"Alas, no!" said the girl, "none whatever; and yet I have seen a great number of people during these few years. And I have always worn my necklace, which, being such a peculiar one, might have attracted attention and led to the discovery of my parentage; but except one Englishman, whom I met at the Stanfords', who said I reminded him of some one whom he had seen, there has been nothing to lead me to suppose that any one thought of me except as a friend of the Stanfords. But, Elsie, though I am not discontented, still at times there is the old yearning for my own people. But God knows best, and I am not going to waste my life in useless longings. I have got five pupils in Dringenstadt already, and several more applications, and next week I begin my life-work as a teacher of the violin.—Don't you envy me, Hans?"

"That is what I do, Fräulein Frida," said Hans. Somehow as he looked at the fair young lady the old familiar name of Frida seemed too familiar to use. Frida turned quickly round on him as he uttered the word "Fräulein."

"Why, Hans—for I will not call thee Herr—to whom did you speak? There is no Fräulein here—just your old sister playmate Frida; never let me hear you address me again by such a title.

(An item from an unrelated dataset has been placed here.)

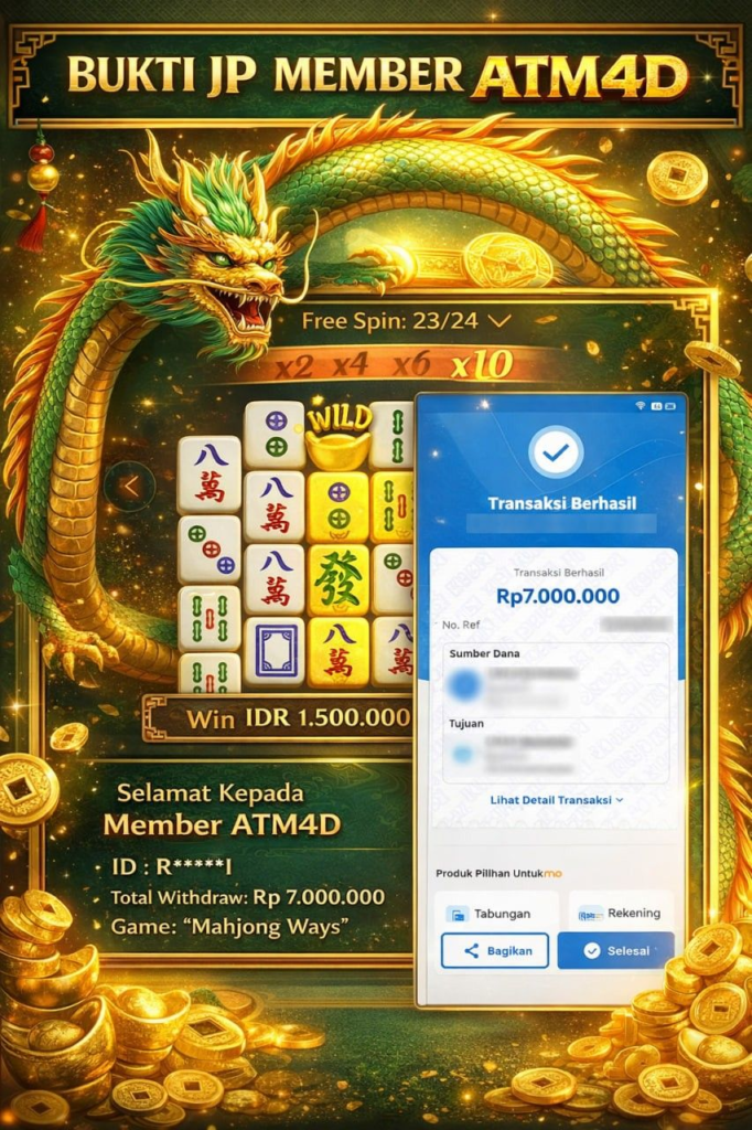 Jangan lewatkan kesempatan untuk meraih kemenangan besar. Daftar sekarang di ATM4D dan rasakan pengalaman bermain slot terbaik yang pernah ada! Putar gulungan, menangkan jackpot, dan jadilah bagian dari komunitas pemain sukses kami!

Art thou not my brother Hans, the son of my dear friends Elsie and Wilhelm?" and a merry laugh scattered Hans's new-born shyness.

And to the end of their lives Frida and Hans remained as brother and sister, each rejoicing in the success of the other in life; and in after years they had many a laugh over the day that Hans began to think that he must call his sister friend, the companion of his childhood, his instructor in much that was good, by the stiff title of Fräulein Frida.

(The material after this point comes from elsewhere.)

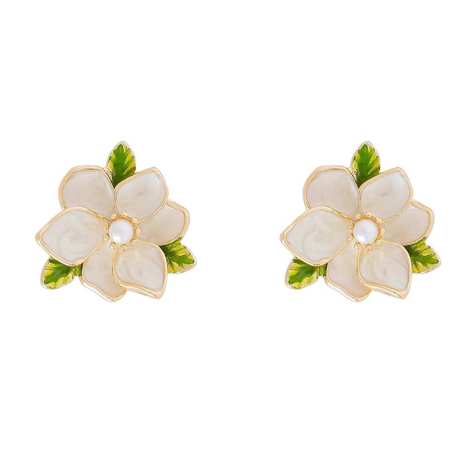 ต่างหูแบบติดหูสไตล์ฝรั่งเศส ดีไซน์ดอกพุดประดับมุกเทียม วัสดุอัลลอยด์ ชุบทอง 18K สวยหรู สไตล์ป่าไม้ เหมาะสำหรับผู้หญิง เป็นของขวัญ

Ere Frida left the hut that day, they all knelt together and thanked God for past mercies, and it was Elsie's voice that in faltering accents prayed that Frida might still be used in the Forest to lead many to the knowledge of Christ Jesus through the reading of the Word of God.


CHAPTER XII.
IN THE GREAT METROPOLIS.

"There are lonely hearts to cherish
While the days are going by,
There are weary souls who perish
While the days are going by.
If a smile we can renew,
As our journey we pursue,
Oh, the good we all may do
While the days are passing by!"

THE London season was at its height, but though the pure sunshine was glistening on mountain-top and green meadow, and beginning to tinge the corn-fields with a golden tint in country places, where peace and quietness seemed to reign, and leafy greenery called on every one who loved nature to come and enjoy it in its summer flush of beauty, yet the great city was still filled not only by those who could not leave its crowded streets, but by hundreds who lingered there in the mere pursuit of pleasure, for whom the beauties of nature had no charm.

On one peculiarly fine day a group of people were gathered together in the drawing-room of a splendid mansion in one of the West End crescents.